Włochy. Turyści dręczą rzadką fokę. Ekspert alarmuje
W miejscowości Numana na włoskiej riwierze w regionie Marche rozegrała się scena, która poruszyła lokalnych przyrodników.
Foka mniszka śródziemnomorska – jeden z najbardziej zagrożonych gatunków ssaków morskich na świecie – wyszła na plażę, by odpocząć. Zamiast spokoju znalazła jednak tłum zaciekawionych ludzi, którzy próbowali zrobić jej zdjęcia z bliskiej odległości.
Jak poinformowała agencja ADNKronos, część plażowiczów podchodziła do zwierzęcia z telefonami w dłoniach, próbując je fotografować. Zestresowana foka kilkukrotnie przerywała drzemkę, reagowała na zaczepki i – próbując odgonić ciekawskich – ostatecznie wróciła do wody, gdzie szukała schronienia.
Ma "głodową" emeryturę. Tak dorabia. "Żeby na święta coś zarobić"
Eksperci przypominają, że foki mniszki opuszczają morze wyłącznie po to, by się wyspać i zregenerować siły, a do pełnego odpoczynku potrzebują nawet 24 godzin nieprzerwanego spokoju. Każde podejście człowieka w pobliże zwierzęcia może zmusić je do ucieczki i zaprzepaścić cenny czas regeneracji.
Przyrodnik i badacz tego gatunku, Emanuele Coppola, opublikował w sieci apel o ochronę spokoju foki. Aby zmobilizować lokalną społeczność, zaoferował też symboliczne wsparcie. Zapowiedział przekazanie 1000 euro dla komitetu mieszkańców, który zdoła przez ponad dobę czuwać nad wybranym przez fokę miejscem odpoczynku i udokumentować, że zwierzę nie jest niepokojone.
"Niestety nie potrafimy zachowywać się w takiej sytuacji, jak należy. A te zwierzęta potrzebują tego, by leżeć na ziemi nawet więcej niż 24 godziny bez przerwy. Postanowiłem zaoferować nagrodę w wysokości 1000 euro komitetowi mieszkańców, który zdoła czuwać i udokumentować wypoczynek foki w miejscu przez nią wybranym przez ponad dobę" – napisał ekspert.

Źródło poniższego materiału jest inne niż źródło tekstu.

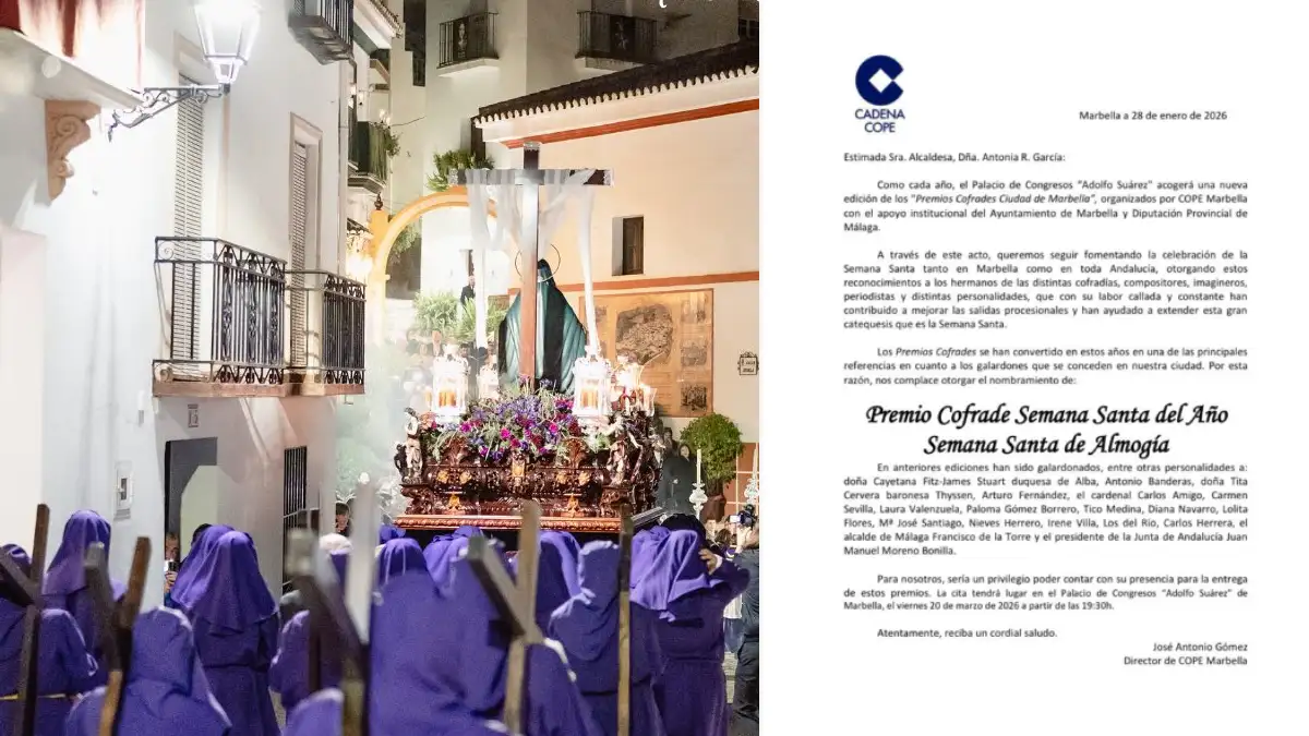 La Semana Santa de Almogía da un paso más en su reconocimiento público y estrena 2026 con una noticia de calado para el pueblo: ha sido distinguida con el Premio Cofrade Semana Santa del Año para Almogía, que concede la emisora COPE Marbella dentro de sus Premios Cofrades Ciudad de Marbella.
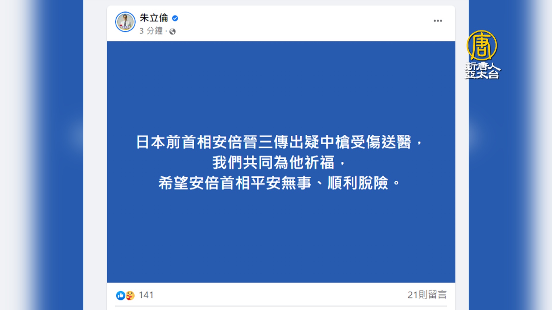 【新唐人亞太台 2022 年 07 月 08 日訊】日本前首相安倍晉三中槍送醫,國民黨主席朱立倫稍早在社群媒體發文,說「我們共同為他祈福,希望安倍首相平安無事、順利脫險。」台灣民眾黨也發聲明,嚴正譴責任何形式的暴力行為。指出安倍晉三任首相期間,多次公開力挺台灣,卸任後仍持續關注台灣動態,是台日友好重要推手,為安倍祈福,願他早日平安脫險。

Podobny problem nie jest obcy także Polsce. Jak wskazują przyrodnicy, turyści nad Bałtykiem coraz częściej zachowują się w ten sam sposób wobec fok odpoczywających na plażach. Zwierzęta, które wychodzą na brzeg, by spać i regenerować siły, są nagminnie filmowane i fotografowane z bliskiej odległości – często przy użyciu telefonów i dronów.
Efekt bywa identyczny jak we Włoszech: zaniepokojona foka przerywa odpoczynek i wraca do wody, zanim zdąży odzyskać siły. Warto zatem pamiętać, by trzymać dystans, nie hałasować i nie zakłócać spokoju ssaków – zwłaszcza zimą, gdy regeneracja kosztuje je najwięcej energii.